_REQUIRED WORK_
Using the records below, quote only the span that opens with the line containing "Besonderes Highlight des" and closes with the line containing "移民-I-485-因中共党员", exactly and inclusively.

_SUPPLIED RECORDS_
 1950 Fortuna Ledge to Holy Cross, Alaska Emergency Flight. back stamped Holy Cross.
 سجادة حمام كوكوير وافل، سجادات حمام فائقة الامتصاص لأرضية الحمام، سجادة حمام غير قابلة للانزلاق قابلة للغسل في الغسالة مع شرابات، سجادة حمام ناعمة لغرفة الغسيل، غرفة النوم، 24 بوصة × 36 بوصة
* * *
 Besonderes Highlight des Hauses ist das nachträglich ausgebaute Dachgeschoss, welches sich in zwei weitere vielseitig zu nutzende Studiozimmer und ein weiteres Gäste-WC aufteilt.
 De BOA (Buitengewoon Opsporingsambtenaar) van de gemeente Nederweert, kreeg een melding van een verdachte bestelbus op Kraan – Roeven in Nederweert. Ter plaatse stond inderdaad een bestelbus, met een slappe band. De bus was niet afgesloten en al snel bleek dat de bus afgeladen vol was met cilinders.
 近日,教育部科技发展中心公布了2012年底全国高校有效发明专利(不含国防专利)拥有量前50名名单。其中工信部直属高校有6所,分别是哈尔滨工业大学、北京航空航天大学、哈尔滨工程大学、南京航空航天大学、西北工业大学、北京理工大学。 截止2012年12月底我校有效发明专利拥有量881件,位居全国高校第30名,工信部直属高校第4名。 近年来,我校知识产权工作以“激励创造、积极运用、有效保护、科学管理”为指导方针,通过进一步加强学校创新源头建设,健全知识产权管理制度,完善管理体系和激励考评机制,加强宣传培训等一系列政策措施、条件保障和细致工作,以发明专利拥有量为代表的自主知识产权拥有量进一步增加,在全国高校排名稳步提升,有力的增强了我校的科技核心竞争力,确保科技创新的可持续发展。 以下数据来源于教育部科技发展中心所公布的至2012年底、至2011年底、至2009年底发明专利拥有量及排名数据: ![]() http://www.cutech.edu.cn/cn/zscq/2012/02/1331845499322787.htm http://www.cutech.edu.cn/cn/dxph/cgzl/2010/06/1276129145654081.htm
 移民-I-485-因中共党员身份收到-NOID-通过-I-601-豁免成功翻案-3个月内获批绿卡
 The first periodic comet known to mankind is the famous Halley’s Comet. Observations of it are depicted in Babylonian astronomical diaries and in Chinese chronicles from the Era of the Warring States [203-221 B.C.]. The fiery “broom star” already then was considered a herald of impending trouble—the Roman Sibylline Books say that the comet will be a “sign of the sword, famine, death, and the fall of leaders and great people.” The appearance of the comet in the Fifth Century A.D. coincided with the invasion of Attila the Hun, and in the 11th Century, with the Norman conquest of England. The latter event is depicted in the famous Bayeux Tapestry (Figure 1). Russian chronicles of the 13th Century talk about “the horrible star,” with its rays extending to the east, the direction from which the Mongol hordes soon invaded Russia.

_SOLUTION BELOW_
 Besonderes Highlight des Hauses ist das nachträglich ausgebaute Dachgeschoss, welches sich in zwei weitere vielseitig zu nutzende Studiozimmer und ein weiteres Gäste-WC aufteilt.
 De BOA (Buitengewoon Opsporingsambtenaar) van de gemeente Nederweert, kreeg een melding van een verdachte bestelbus op Kraan – Roeven in Nederweert. Ter plaatse stond inderdaad een bestelbus, met een slappe band. De bus was niet afgesloten en al snel bleek dat de bus afgeladen vol was met cilinders.
 近日,教育部科技发展中心公布了2012年底全国高校有效发明专利(不含国防专利)拥有量前50名名单。其中工信部直属高校有6所,分别是哈尔滨工业大学、北京航空航天大学、哈尔滨工程大学、南京航空航天大学、西北工业大学、北京理工大学。 截止2012年12月底我校有效发明专利拥有量881件,位居全国高校第30名,工信部直属高校第4名。 近年来,我校知识产权工作以“激励创造、积极运用、有效保护、科学管理”为指导方针,通过进一步加强学校创新源头建设,健全知识产权管理制度,完善管理体系和激励考评机制,加强宣传培训等一系列政策措施、条件保障和细致工作,以发明专利拥有量为代表的自主知识产权拥有量进一步增加,在全国高校排名稳步提升,有力的增强了我校的科技核心竞争力,确保科技创新的可持续发展。 以下数据来源于教育部科技发展中心所公布的至2012年底、至2011年底、至2009年底发明专利拥有量及排名数据: ![]() http://www.cutech.edu.cn/cn/zscq/2012/02/1331845499322787.htm http://www.cutech.edu.cn/cn/dxph/cgzl/2010/06/1276129145654081.htm
 移民-I-485-因中共党员身份收到-NOID-通过-I-601-豁免成功翻案-3个月内获批绿卡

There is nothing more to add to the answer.